また、貴重な初期作品を再び皆様にご覧いただくことが、
アニメ『サザエさん』の歴史を振り返る大きな機会になると期待しています!
初期作品は、現在放送中の『サザエさん』とは作風や表現も異なっていて、
見比べてみてもそれぞれに新しい魅力を発見してもらえると思います。
アニメ『サザエさん』は50周年を迎えるとともに、ますます“挑戦”を続けていきたいと思いますので、
これからも応援をよろしくお願いします!」

 サザエさんの第一回放送の1話自体は、数年に一度サザエさんの特番等で「75点の天才!」のみが現在の放送コード遵守した状態で放送されることがよくありましたが、今回は配信とはいえ貴重な50話が、それもデジタルリマスターされたものが見れるとあって、一部のサザエさんファンはもちろん、現在も実況しているオタクや一般のオタクが驚いた出来事となります。

 サザエさんのアニメは諸説ありますが、TVアニメの版権を持っている長谷川町子美術館がDVD等と言ったメディア化に対して認めていないなどと言った話をよく聞くため、こういった配信はまさに驚愕の一言につきます。

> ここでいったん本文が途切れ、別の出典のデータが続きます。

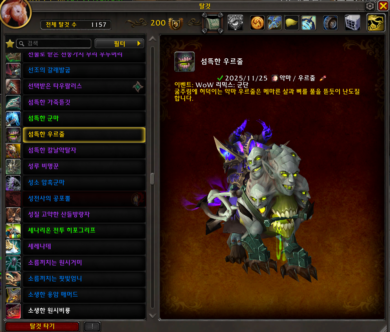 2025.11.25 섬뜩한 우르줄 획득 1157번째 탈것
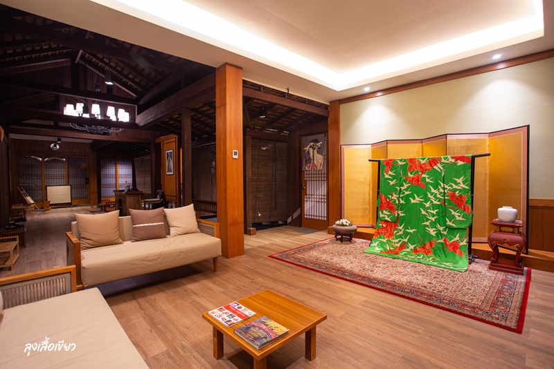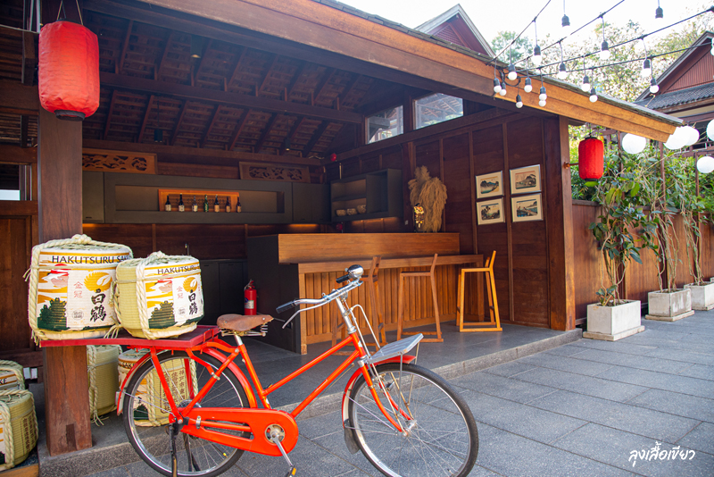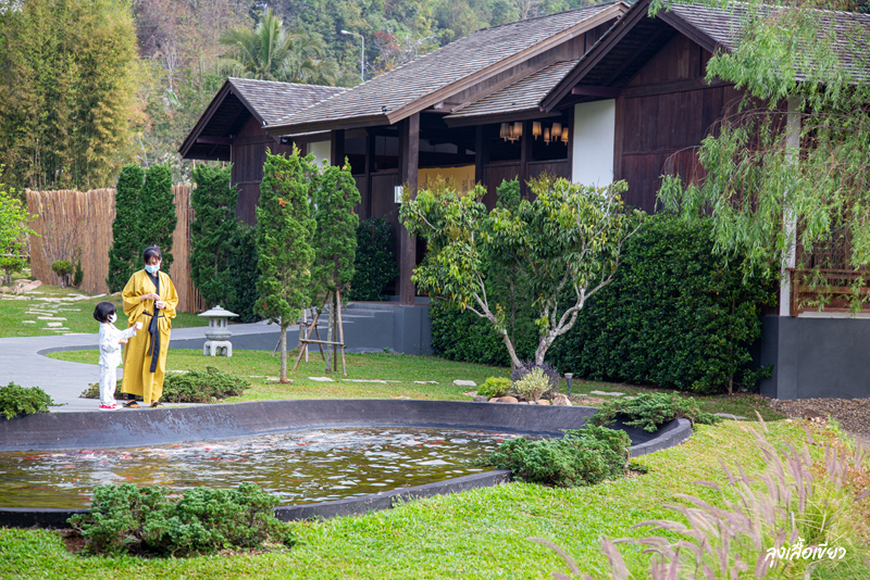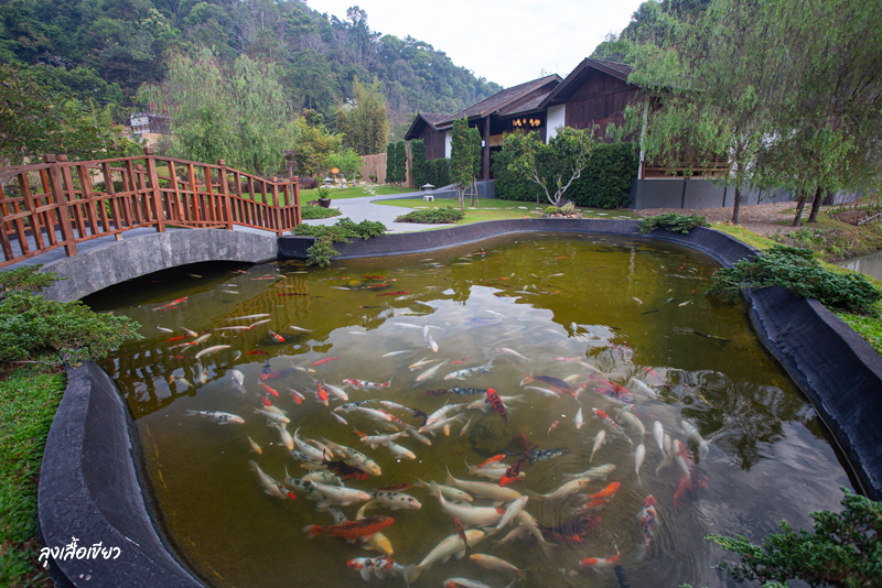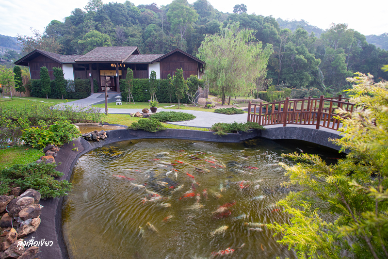 สำหรับอาคารไม้หลังนี้เป็นโรงออนเซ็น และยังมีปลาคราฟฝูงใหญ่ให้ชมกันเพลินๆ ด้วย
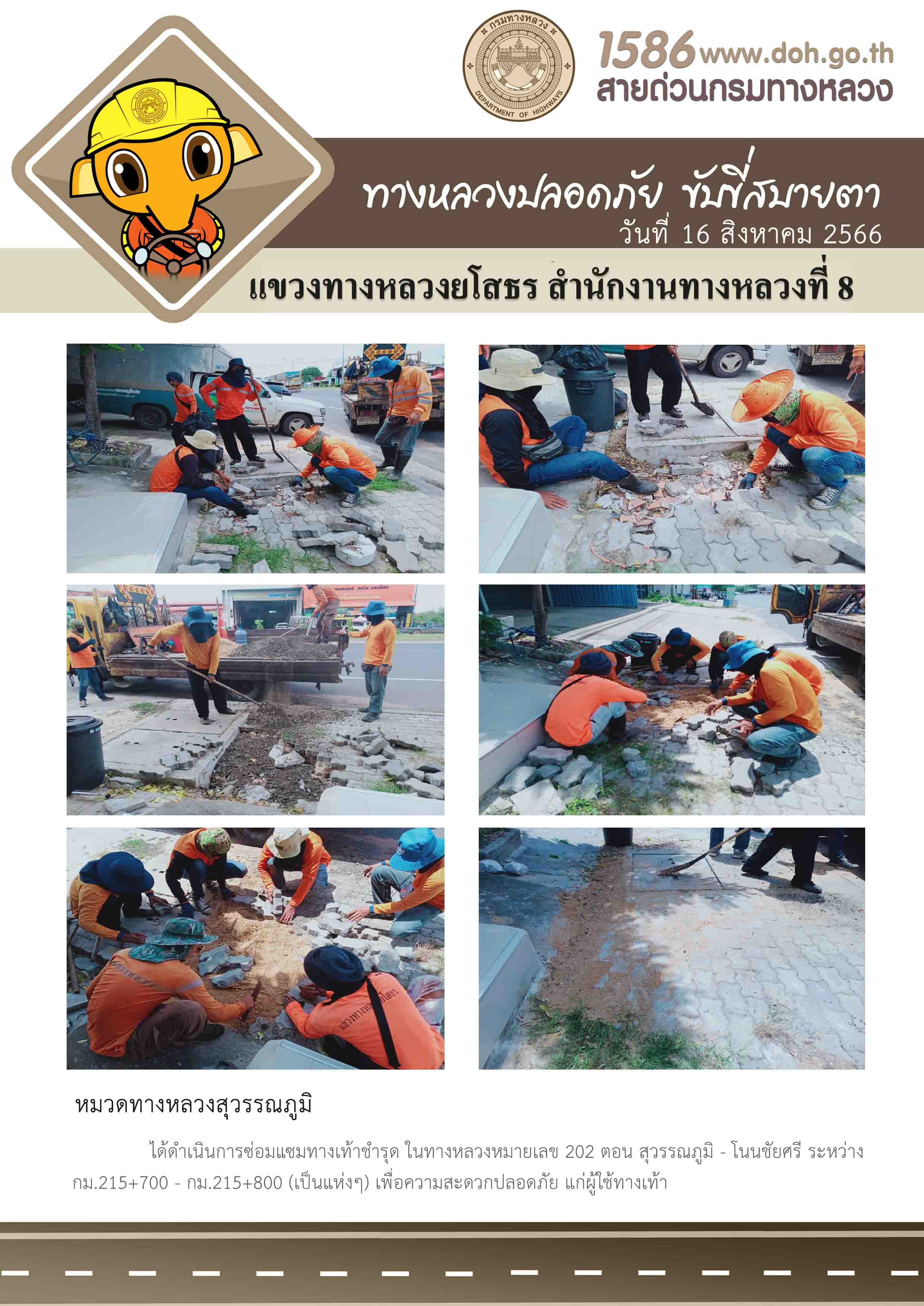 วันที่ 16 สิงหาคม 2566 หมวดทางหลวงสุวรรณภูมิ ได้ดำเนินการซ่อมแชมทางเท้าชำรุด ในทางหลวงหมายเลข 202 ตอน สุวรรณภูมิ - โนนชัยศรี ระหว่าง กม.215+700 - กม.215+800 (เป็นแห่งๆ) เพื่อความสะดวกปลอดภัย แก่ผู้ใช้ทางเท้า
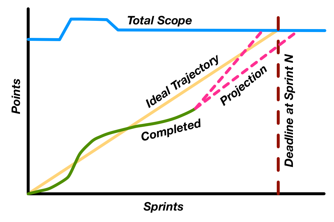 A burn up chart is diagram made considering the complete work. Has the same content as a burn-down chart, but has the opposite appearance because it “flips the variable”.
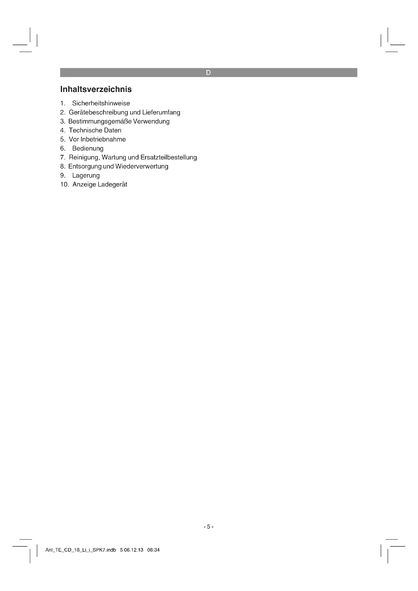 Warnung - Zur Verringerung des Verletzungsrisikos Bedienungsanleitung lesen Tragen Sie einen Gehörschutz. Die Einwirkung von Lärm kann Gehörverlust bewirken. Tragen Sie eine Schutzbrille. Während der Arbeit entstehende Funken oder aus dem Gerät heraus- tretende Splitter, Späne und Stäube können Sichtverlust bewirken. Tragen Sie eine Staubschutzmaske. Beim Bearbeiten von Holz und anderer Materialien kann ge- sundheitsschädlicher Staub entstehen. Asbesthaltiges Material darf nicht bearbeitet werden! Um eine Beschädigung des Getriebes zu vermeiden, darf die Gangumschaltung nur im Stillstand umgeschaltet werden. Lagerung der Akkus nur in trockenen Räumen mit einer Umgebungstemperatur von +10°C - +40°C. Akkus nur in geladenem Zustand lagern (mind. 40% geladen). Anl_TE_CD_18_Li_i_SPK7.indb 6 06.12.13 08:34D

 これは私の勝手な想像なのですが、サザエさん同様にエイケン制作で今までソフト化がされなかったアニメ作品UFO戦士ダイアポロンが2016年に放送40周年記念ということでソフト化が発表された経緯を考えると、エイケン側の上層部があまり映像ソフトの販売に乗り気では無かったのが、体制が代わり積極的になったのではないか?と思います。(ちなみに実際に映像ソフトが販売されたのは2017年、同時期に同年代のロボットアニメがコラボレーションした企画、ミラクロボットフォースがあります)

eiken-anime.jp

miraclerobot-force.com

最初期サザエさんを見て・・・

 ここまで読んでいただいた方にはなんとなくわかると思うのですが、私自身、サザエさんという作品が好きで、数年前三越で行われたサザエさん展にも出向いた程にはライト層なサザエさんオタクです。この配信開始の報を聞いて、ベッドから転げ落ち、思わず「は?!?!?!?」と言う声が出てしまいました。そしてもちろん配信開始と同時に見ました。見たんです。

 そこには現在の放送コードでは描けないとんでもない映像が広がってました。

 例えば第1回放送の1話、「75点の天才!」(有名な話ですが、この回の脚本家である辻真先先生は、後に「コンクリート・レボルティオ」という作品のサザエさんパロディである9話「果てしなき家族の果て」にて脚本を努めております。)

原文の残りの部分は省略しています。